▸ DESCRIPTION OF THE TASK: A faithful copy of the data below is required, leaving out every picture.

▸ INFORMATION PROVIDED:
Content starts
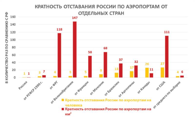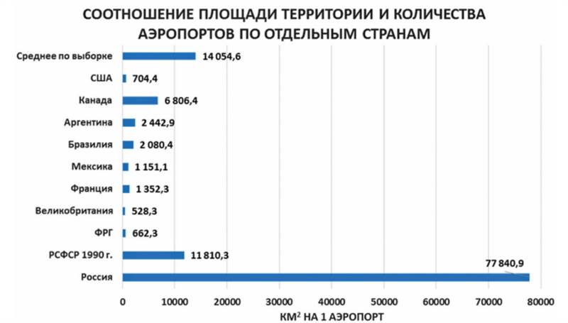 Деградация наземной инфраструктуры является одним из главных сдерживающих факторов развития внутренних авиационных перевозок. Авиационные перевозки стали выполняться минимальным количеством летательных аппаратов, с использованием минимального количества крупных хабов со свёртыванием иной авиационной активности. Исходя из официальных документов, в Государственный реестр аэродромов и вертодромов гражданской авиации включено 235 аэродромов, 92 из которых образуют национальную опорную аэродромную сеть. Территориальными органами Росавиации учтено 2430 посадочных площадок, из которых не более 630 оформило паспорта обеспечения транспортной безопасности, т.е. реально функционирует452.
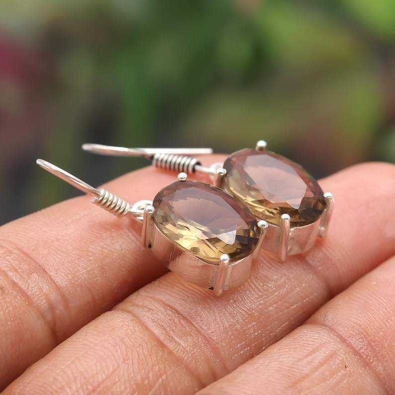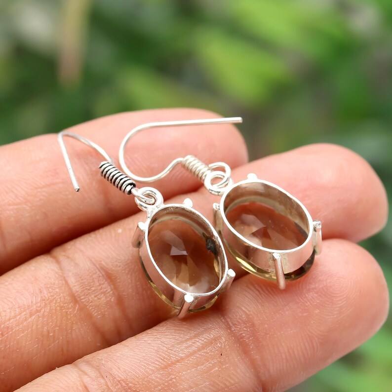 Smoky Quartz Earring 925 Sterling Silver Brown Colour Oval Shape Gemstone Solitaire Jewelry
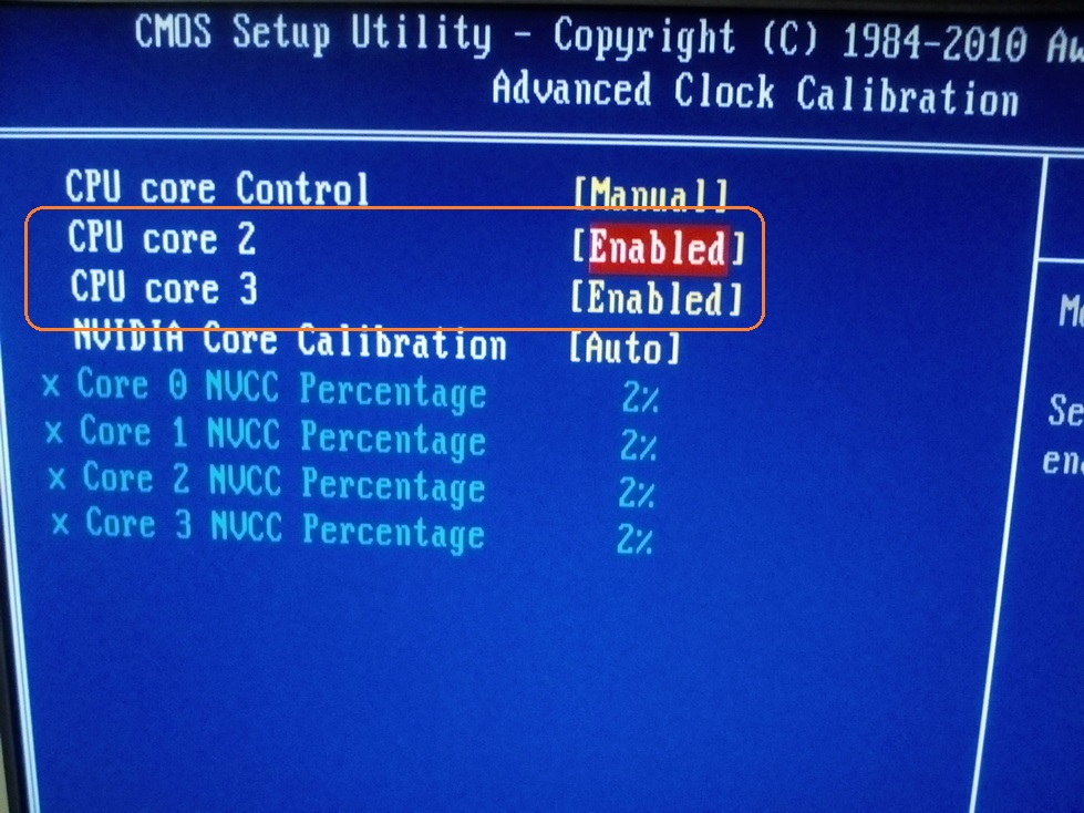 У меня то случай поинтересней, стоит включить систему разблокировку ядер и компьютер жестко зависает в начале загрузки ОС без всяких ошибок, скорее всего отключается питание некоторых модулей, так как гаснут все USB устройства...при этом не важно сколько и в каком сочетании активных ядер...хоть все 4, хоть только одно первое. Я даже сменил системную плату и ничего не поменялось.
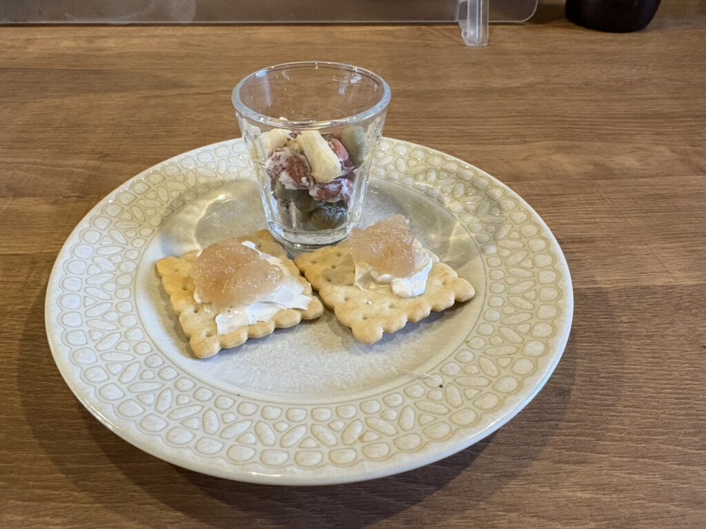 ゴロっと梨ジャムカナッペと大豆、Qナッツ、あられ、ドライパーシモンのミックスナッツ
Content ends
▸ ANSWER SPACE:
 Деградация наземной инфраструктуры является одним из главных сдерживающих факторов развития внутренних авиационных перевозок. Авиационные перевозки стали выполняться минимальным количеством летательных аппаратов, с использованием минимального количества крупных хабов со свёртыванием иной авиационной активности. Исходя из официальных документов, в Государственный реестр аэродромов и вертодромов гражданской авиации включено 235 аэродромов, 92 из которых образуют национальную опорную аэродромную сеть. Территориальными органами Росавиации учтено 2430 посадочных площадок, из которых не более 630 оформило паспорта обеспечения транспортной безопасности, т.е. реально функционирует452.
 Smoky Quartz Earring 925 Sterling Silver Brown Colour Oval Shape Gemstone Solitaire Jewelry
 У меня то случай поинтересней, стоит включить систему разблокировку ядер и компьютер жестко зависает в начале загрузки ОС без всяких ошибок, скорее всего отключается питание некоторых модулей, так как гаснут все USB устройства...при этом не важно сколько и в каком сочетании активных ядер...хоть все 4, хоть только одно первое. Я даже сменил системную плату и ничего не поменялось.
 ゴロっと梨ジャムカナッペと大豆、Qナッツ、あられ、ドライパーシモンのミックスナッツ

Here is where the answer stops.